**Assignment:**
Reproduce, word for word, the lines in the material below starting with the one that has "WALT DISNEY WORLD" and going on through the one that has "二月限定御朱印の豆の色が墨絵". Leave out all pictures.

^^^^

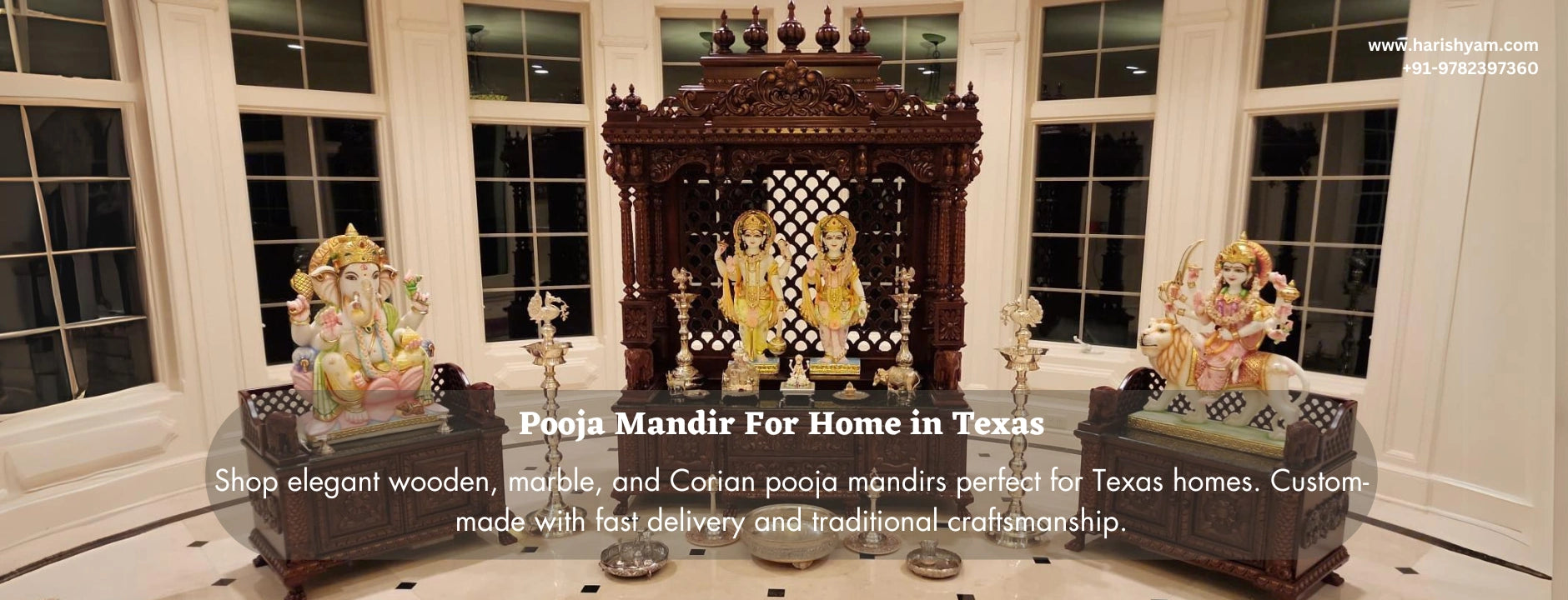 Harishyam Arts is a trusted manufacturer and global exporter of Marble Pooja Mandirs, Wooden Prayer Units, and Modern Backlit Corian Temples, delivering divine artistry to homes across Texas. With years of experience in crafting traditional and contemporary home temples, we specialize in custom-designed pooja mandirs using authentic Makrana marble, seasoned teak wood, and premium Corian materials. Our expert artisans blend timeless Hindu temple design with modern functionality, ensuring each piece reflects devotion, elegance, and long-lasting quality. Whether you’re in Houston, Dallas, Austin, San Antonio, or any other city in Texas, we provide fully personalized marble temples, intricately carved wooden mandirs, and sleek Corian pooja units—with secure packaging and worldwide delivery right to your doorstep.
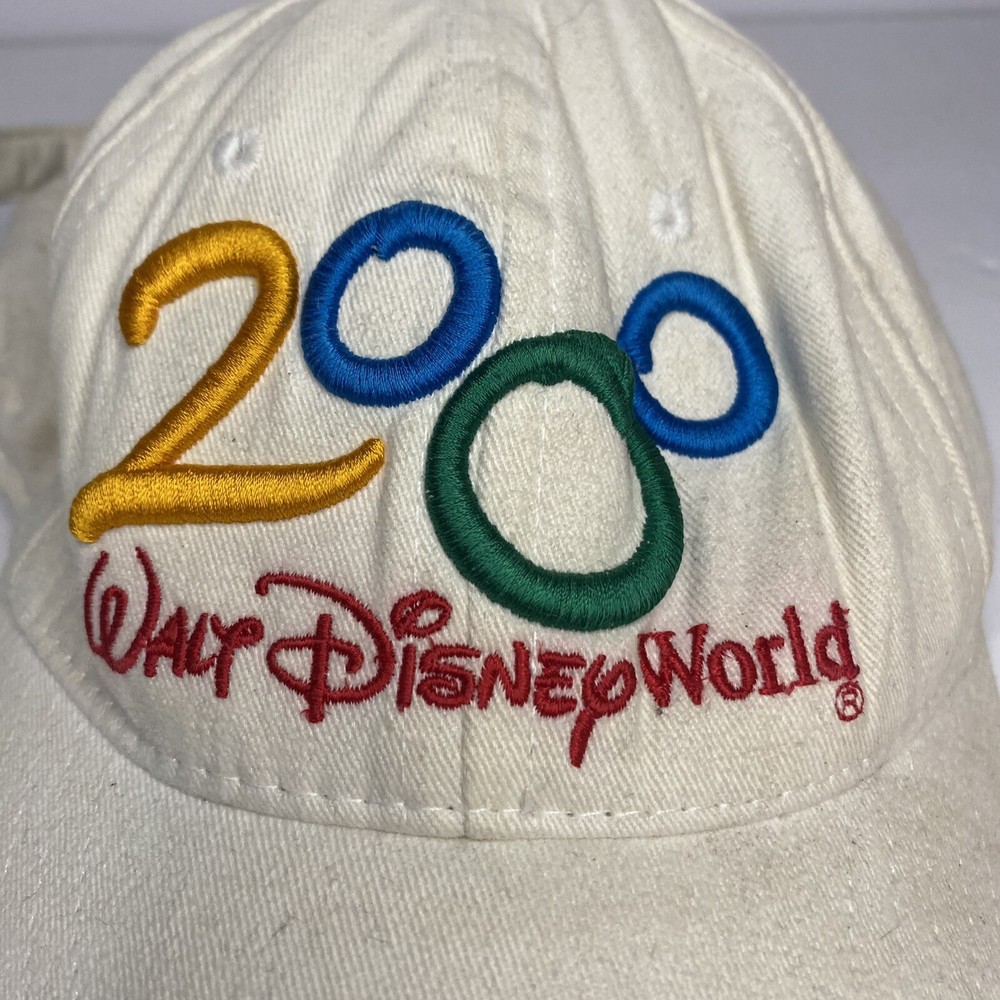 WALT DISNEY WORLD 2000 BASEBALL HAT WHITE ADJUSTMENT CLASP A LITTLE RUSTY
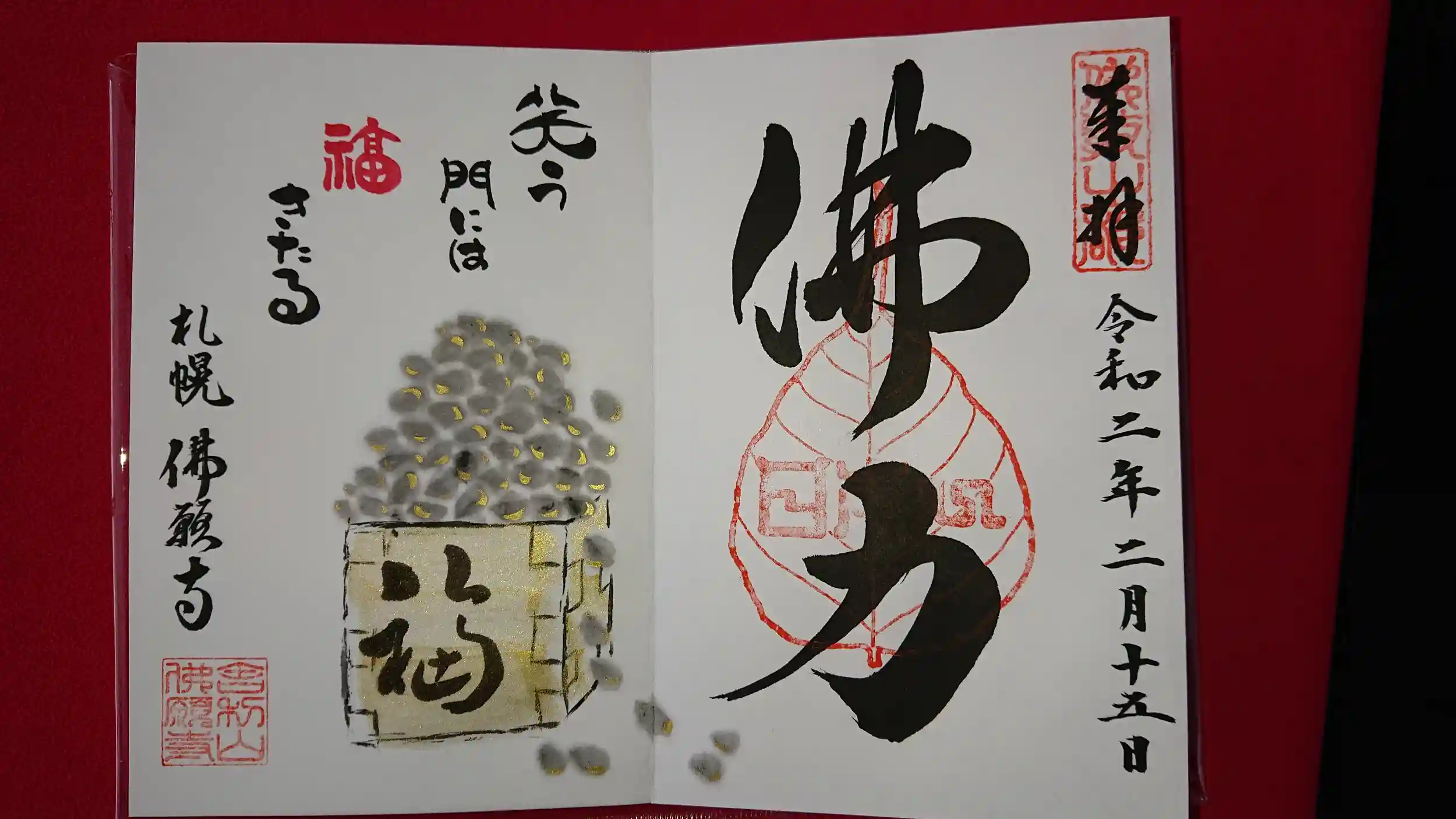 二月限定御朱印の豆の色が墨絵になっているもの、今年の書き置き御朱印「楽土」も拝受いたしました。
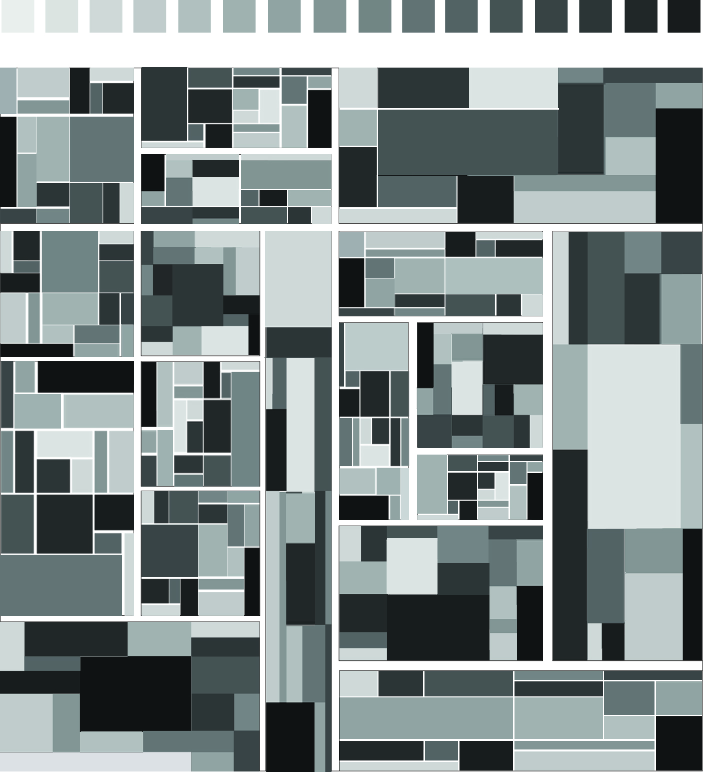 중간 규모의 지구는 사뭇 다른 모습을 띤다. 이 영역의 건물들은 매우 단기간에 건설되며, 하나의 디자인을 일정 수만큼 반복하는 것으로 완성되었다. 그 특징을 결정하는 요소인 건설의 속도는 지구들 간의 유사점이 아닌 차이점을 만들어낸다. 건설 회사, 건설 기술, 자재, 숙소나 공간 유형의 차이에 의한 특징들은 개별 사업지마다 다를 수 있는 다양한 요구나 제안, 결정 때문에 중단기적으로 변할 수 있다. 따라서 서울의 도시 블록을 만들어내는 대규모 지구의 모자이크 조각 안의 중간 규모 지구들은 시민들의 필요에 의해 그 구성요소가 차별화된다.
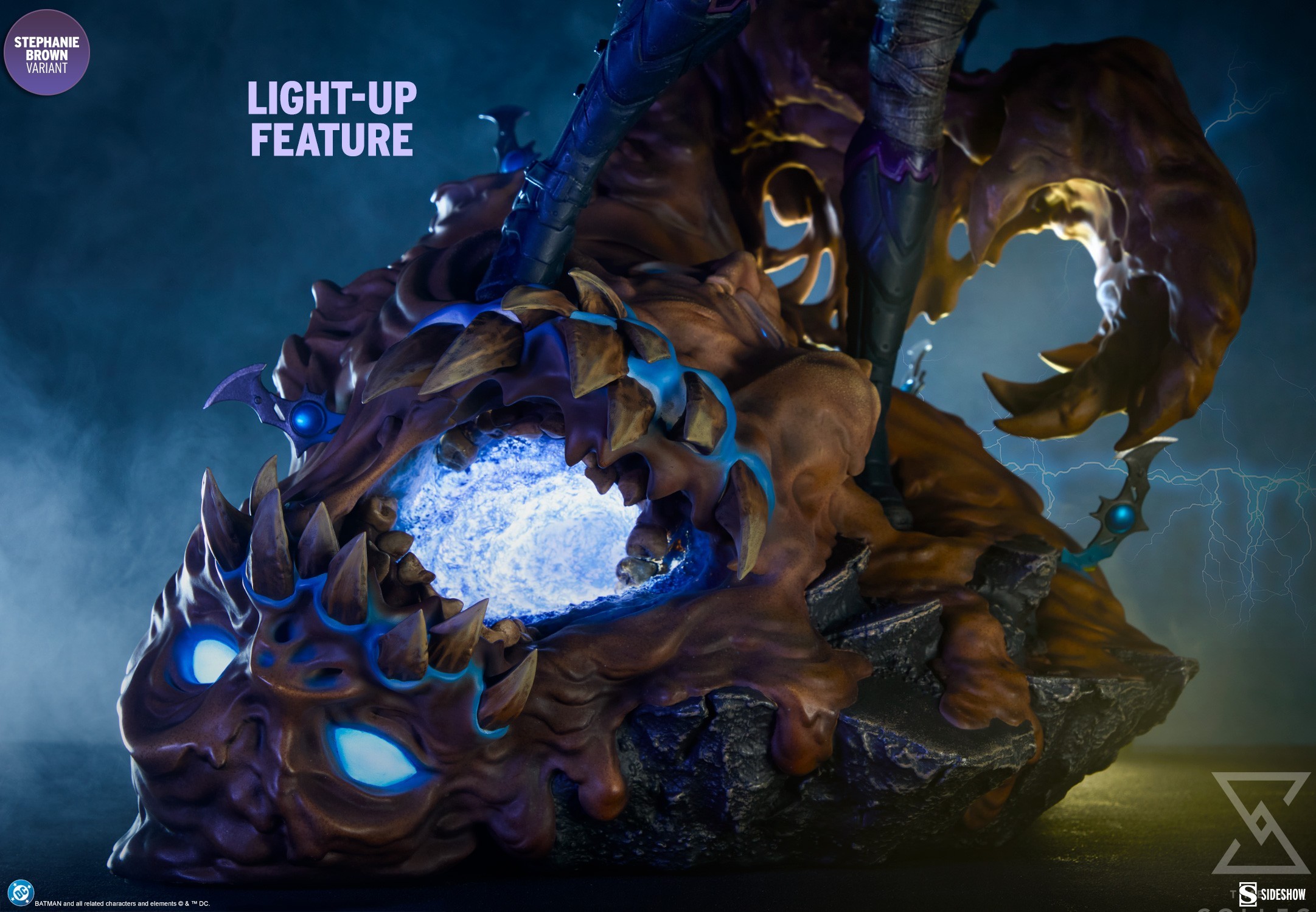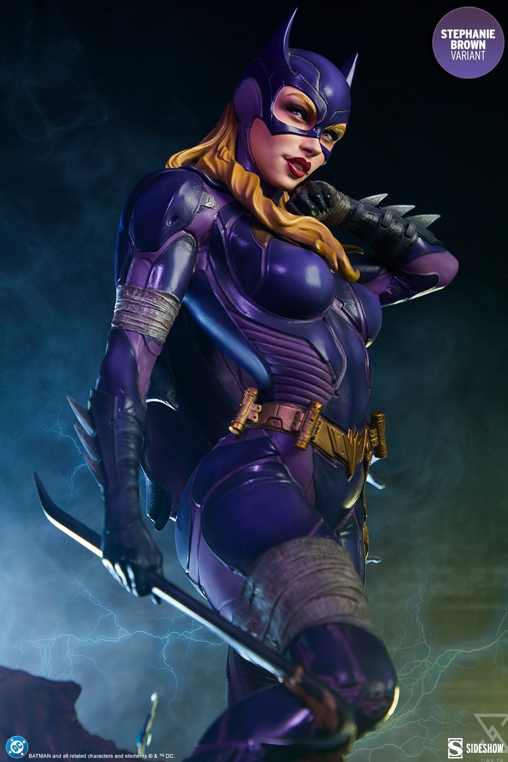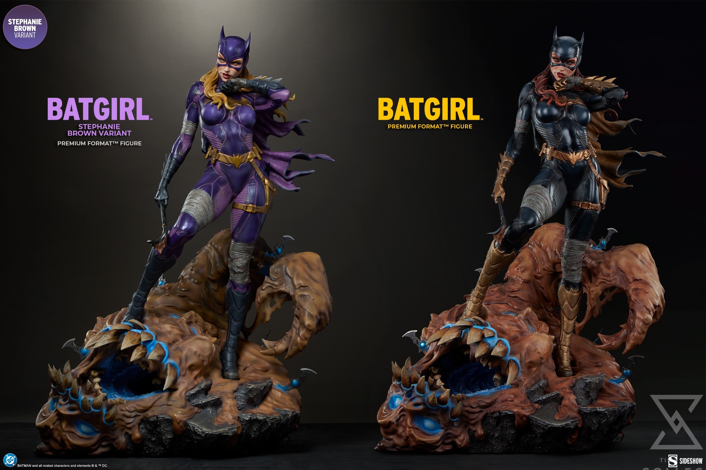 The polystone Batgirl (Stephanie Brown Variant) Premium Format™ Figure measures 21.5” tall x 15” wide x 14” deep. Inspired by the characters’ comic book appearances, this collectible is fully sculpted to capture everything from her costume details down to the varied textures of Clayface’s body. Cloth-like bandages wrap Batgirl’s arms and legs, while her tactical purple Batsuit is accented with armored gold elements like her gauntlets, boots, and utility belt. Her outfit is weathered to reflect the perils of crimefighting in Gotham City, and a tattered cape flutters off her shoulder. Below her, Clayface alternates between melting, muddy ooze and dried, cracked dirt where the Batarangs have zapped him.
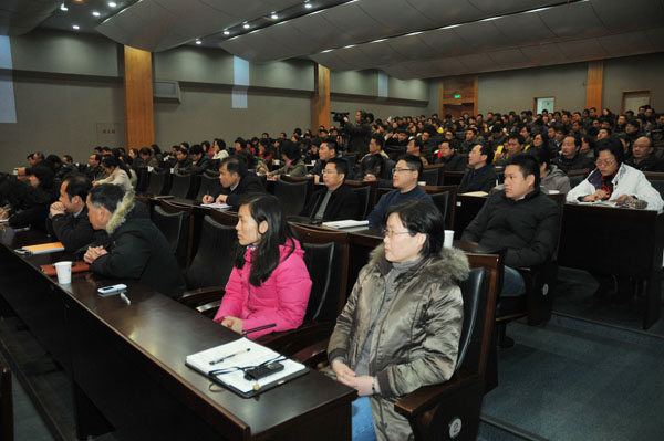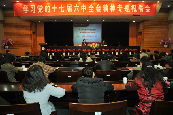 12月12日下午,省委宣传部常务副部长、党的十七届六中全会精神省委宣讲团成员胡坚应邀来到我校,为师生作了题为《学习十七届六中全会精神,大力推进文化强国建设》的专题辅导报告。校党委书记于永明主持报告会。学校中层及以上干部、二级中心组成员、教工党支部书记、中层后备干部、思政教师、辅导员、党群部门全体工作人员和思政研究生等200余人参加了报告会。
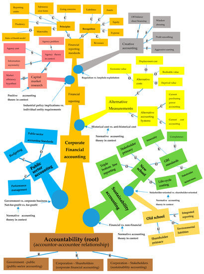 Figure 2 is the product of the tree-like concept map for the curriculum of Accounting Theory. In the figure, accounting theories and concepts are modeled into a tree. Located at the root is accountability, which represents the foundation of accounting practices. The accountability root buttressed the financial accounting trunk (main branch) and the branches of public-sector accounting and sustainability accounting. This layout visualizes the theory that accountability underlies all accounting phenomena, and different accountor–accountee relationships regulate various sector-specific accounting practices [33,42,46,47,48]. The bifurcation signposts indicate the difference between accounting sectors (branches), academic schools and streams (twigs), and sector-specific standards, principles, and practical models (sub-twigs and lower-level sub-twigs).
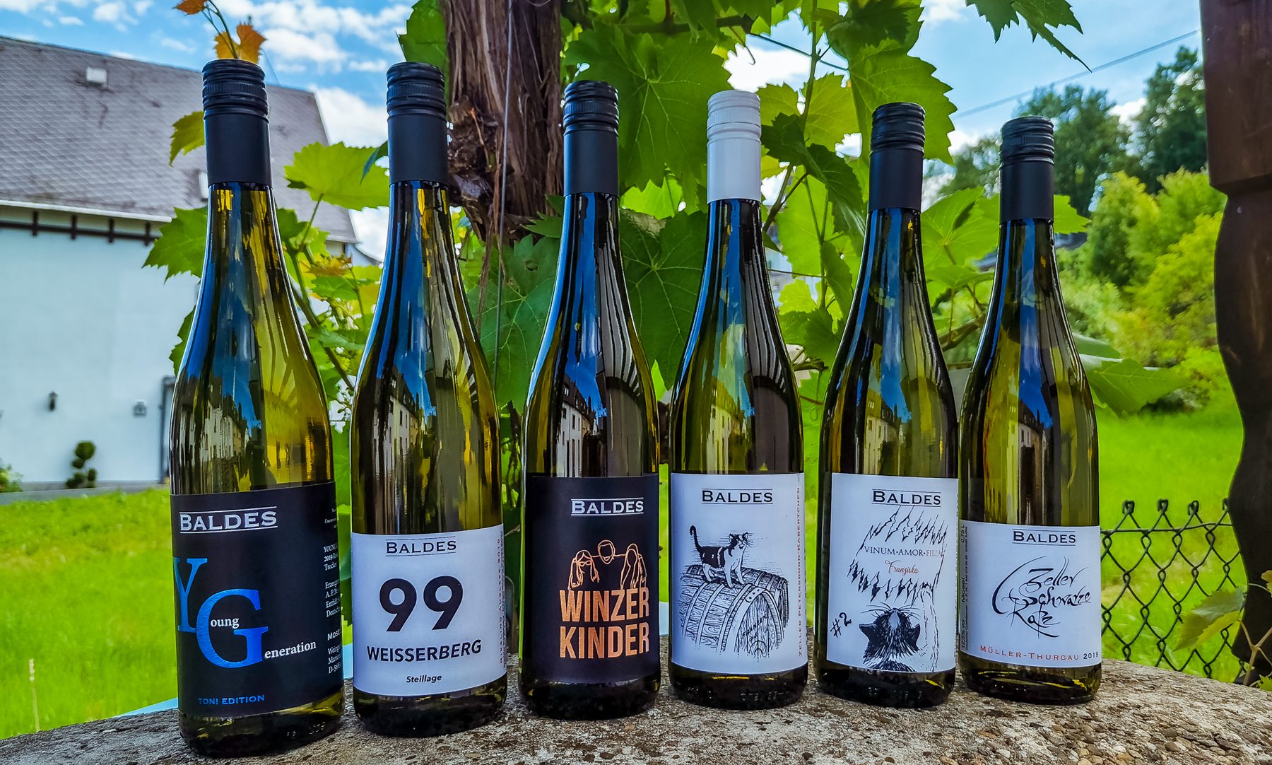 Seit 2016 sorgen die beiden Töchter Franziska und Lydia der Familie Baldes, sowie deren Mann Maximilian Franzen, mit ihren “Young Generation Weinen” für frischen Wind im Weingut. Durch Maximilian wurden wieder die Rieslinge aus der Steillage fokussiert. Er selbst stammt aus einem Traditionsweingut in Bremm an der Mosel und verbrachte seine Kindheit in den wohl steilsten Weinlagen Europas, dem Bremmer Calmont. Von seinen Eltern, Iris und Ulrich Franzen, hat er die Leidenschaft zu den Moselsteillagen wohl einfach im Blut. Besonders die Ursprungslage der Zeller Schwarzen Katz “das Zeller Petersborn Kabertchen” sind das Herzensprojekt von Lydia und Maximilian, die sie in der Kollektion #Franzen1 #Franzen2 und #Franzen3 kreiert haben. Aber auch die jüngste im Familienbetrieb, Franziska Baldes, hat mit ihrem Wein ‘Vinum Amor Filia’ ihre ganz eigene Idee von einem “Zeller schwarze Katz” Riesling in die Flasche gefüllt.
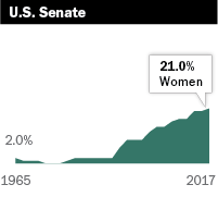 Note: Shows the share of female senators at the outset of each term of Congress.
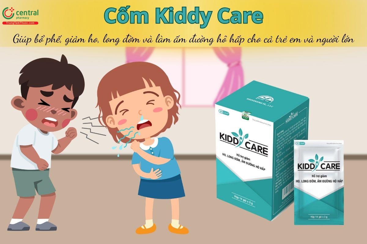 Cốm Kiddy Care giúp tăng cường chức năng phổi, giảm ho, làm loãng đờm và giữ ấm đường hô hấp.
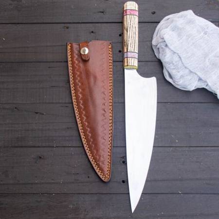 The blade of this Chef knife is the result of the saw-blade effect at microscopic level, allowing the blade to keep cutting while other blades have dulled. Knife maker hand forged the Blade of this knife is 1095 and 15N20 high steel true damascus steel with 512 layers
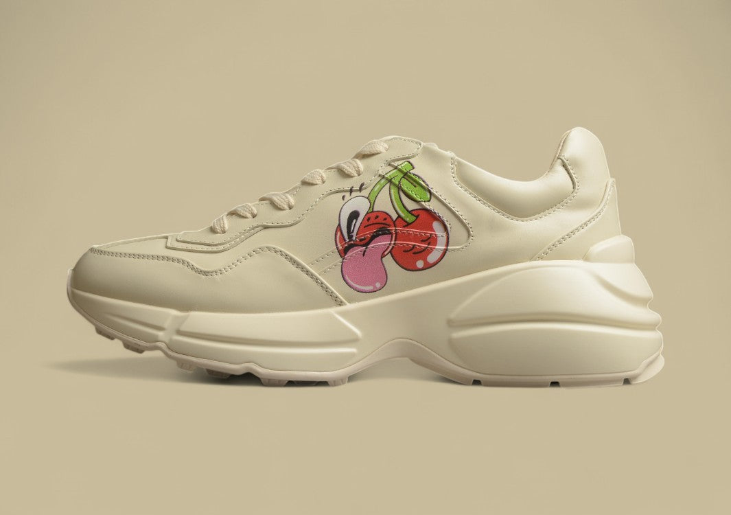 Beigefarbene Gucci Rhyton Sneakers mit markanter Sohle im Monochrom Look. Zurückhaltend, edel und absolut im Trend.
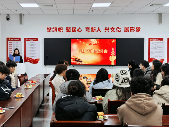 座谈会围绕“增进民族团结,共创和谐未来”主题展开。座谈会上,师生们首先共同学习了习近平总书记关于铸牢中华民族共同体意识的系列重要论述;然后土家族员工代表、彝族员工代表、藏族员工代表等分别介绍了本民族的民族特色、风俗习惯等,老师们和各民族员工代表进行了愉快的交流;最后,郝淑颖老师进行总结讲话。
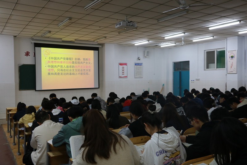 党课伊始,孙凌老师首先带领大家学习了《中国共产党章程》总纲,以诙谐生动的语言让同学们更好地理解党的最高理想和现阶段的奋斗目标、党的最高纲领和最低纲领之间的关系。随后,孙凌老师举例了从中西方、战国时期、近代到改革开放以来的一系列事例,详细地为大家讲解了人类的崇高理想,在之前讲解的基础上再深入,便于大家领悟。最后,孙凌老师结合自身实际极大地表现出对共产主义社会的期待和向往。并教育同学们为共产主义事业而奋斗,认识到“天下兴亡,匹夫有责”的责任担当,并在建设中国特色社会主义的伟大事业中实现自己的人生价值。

^^^^

**Result:**
 WALT DISNEY WORLD 2000 BASEBALL HAT WHITE ADJUSTMENT CLASP A LITTLE RUSTY
 二月限定御朱印の豆の色が墨絵になっているもの、今年の書き置き御朱印「楽土」も拝受いたしました。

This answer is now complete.